Только сейчас обнаружила, до чего я очерствела! До чего зациклилась на себе, на своих миражах, на своих бесплодных размышлениях и перестала видеть то, что происходит вокруг! А ведь когда-то я очень любила животных. Причем любила не так, как ребенок, который по детской наивности мечтает собрать всех животных в питомник и сражаться со злыми ловцами собак! При этом может забыть покормить своего единственного кота, но это такие мелочи в сравнении с вселенским размахом его планов! У меня все было по-другому. Питомник, конечно, тоже был какое-то время мечтой номер один, но все же моя мысль переступала этот предел и шла дальше. Туда, где множество несчастных животных, которым нужно помочь, – конечно же, этим местом был Океан. Неважно какой. Я точно знала, что он похож на море – а что может быть чудеснее моря?

Господи, как же так получилось, что волшебное слово «океан» уже не вызывает волнительной тяги в груди, а мечта стать доктором Айболитом № 2 кажется тупой и убогой? За что все это?!

И вот теперь в комнату радостно вбегает Ледин пудель и осторожно, как бы невзначай, кладет морду мне на кровать. А я, не обращая ни малейшего внимания на то, как он терпеливо дожидается моего внимания, на щемяще преданные глаза, на хвост-моторчик, отпихиваю его ногой, грубо и как-то по-хамски. Он ничуть не обижается – он уже привык к такому обращению с моей стороны. А меня вдруг обухом по голове ударяет страшная правда: животное ПРИВЫКЛО к моему хамскому обращению, к моей неприязни, к моему отвращению. А почему? Потому что я презираю их взаимоотношения с хозяйкой! Бред! Мне так знакомо это чувство стыда и неловкости перед живым существом. С точностью могу воспроизвести в памяти это чувство: сначала долго смотрю на то место, где только что стоял пес, и медленно, тяжело внутри меня поднимается обжигающая волна печали. Сердце сжимается от ее прикосновения, брови складываются домиком с глубокой трещиной посередине. И острое чувство презрения к себе, к жестокому и эгоцентричному человеку, железной рукой вцепляется мне в горло.

…Воспроизвести могу, а почувствовать – уже нет. Никакого презрения, никакой волны – пусто и никак.

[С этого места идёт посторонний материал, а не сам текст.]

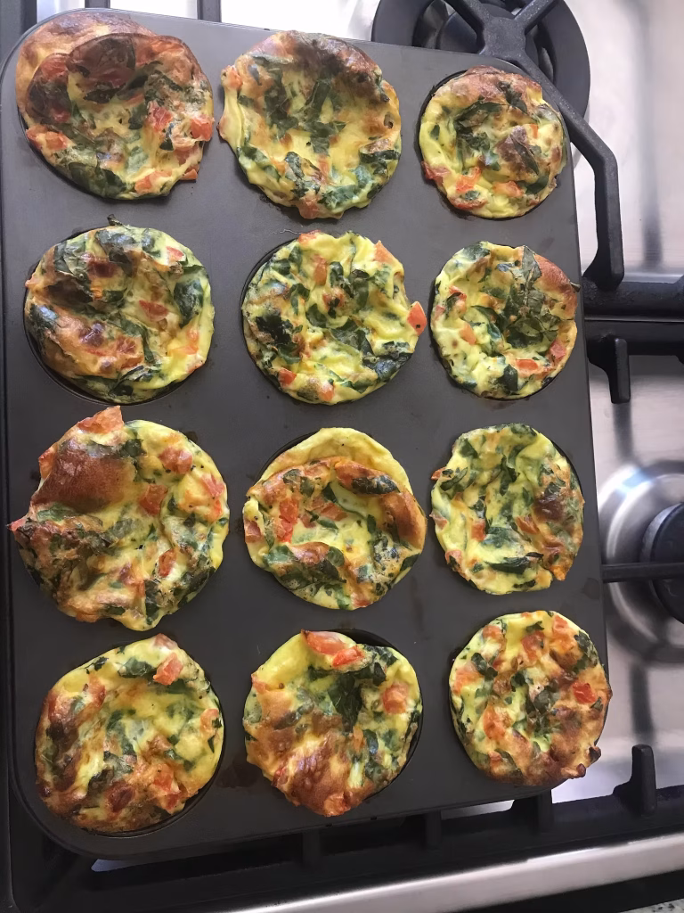 - In a separate bowl; mix the other ingredients then add the mixture onto the muffin pan. Alternatively fry the ingredients for 2 min first, then add to the muffin pan.
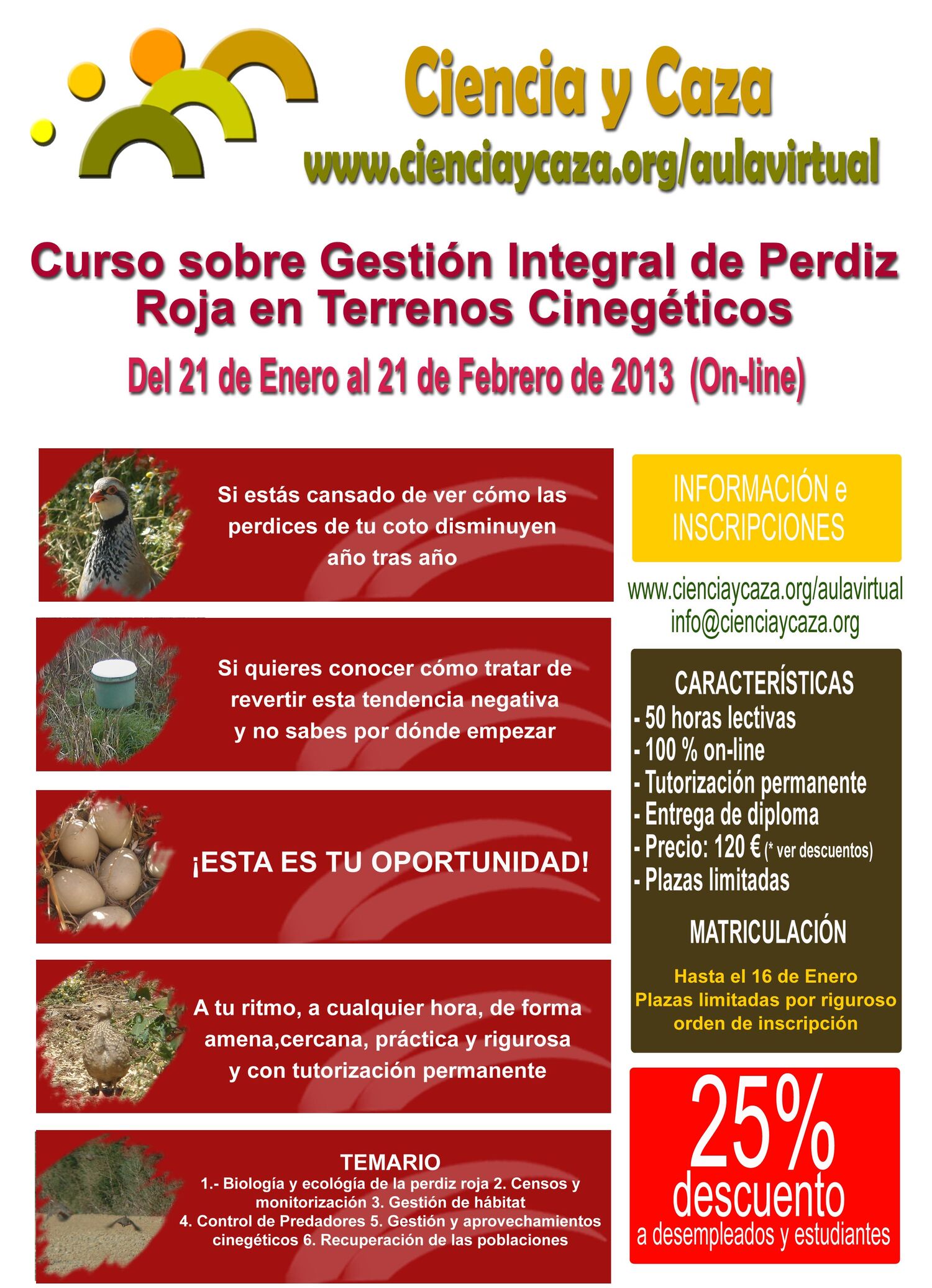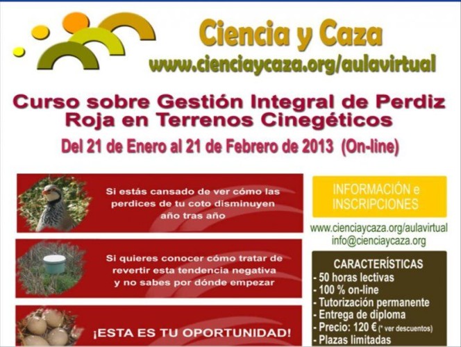 El curso dará comienzo el 21 de Enero de 2013, tendrá una duración de 1 mes, con 50 horas lectivas equivalentes y se impartirá íntegramente on-line a través de nuestro Aula Cinegética Virtual.

Не дожидаясь, пока запущу в него тапкой, пес покорно трусит обратно в Ледину комнату, а я снова вспоминаю, какой гадиной почувствовала бы себя раньше, случись мне хоть взглядом обидеть животное. Тут же вскочила бы, прижала его к себе, погладила, почесала за ушком и произнесла целую извинительную речь с ноющим сердцем и портретом Чехова перед глазами.

Но ведь это все ложь! Это мир, со всей своей уродливостью, несправедливостью, избытком бед, нищеты и болезней, – именно он заставил меня окопаться в выгребной яме и дышать исключительно углекислым газом собственных разложившихся мыслей.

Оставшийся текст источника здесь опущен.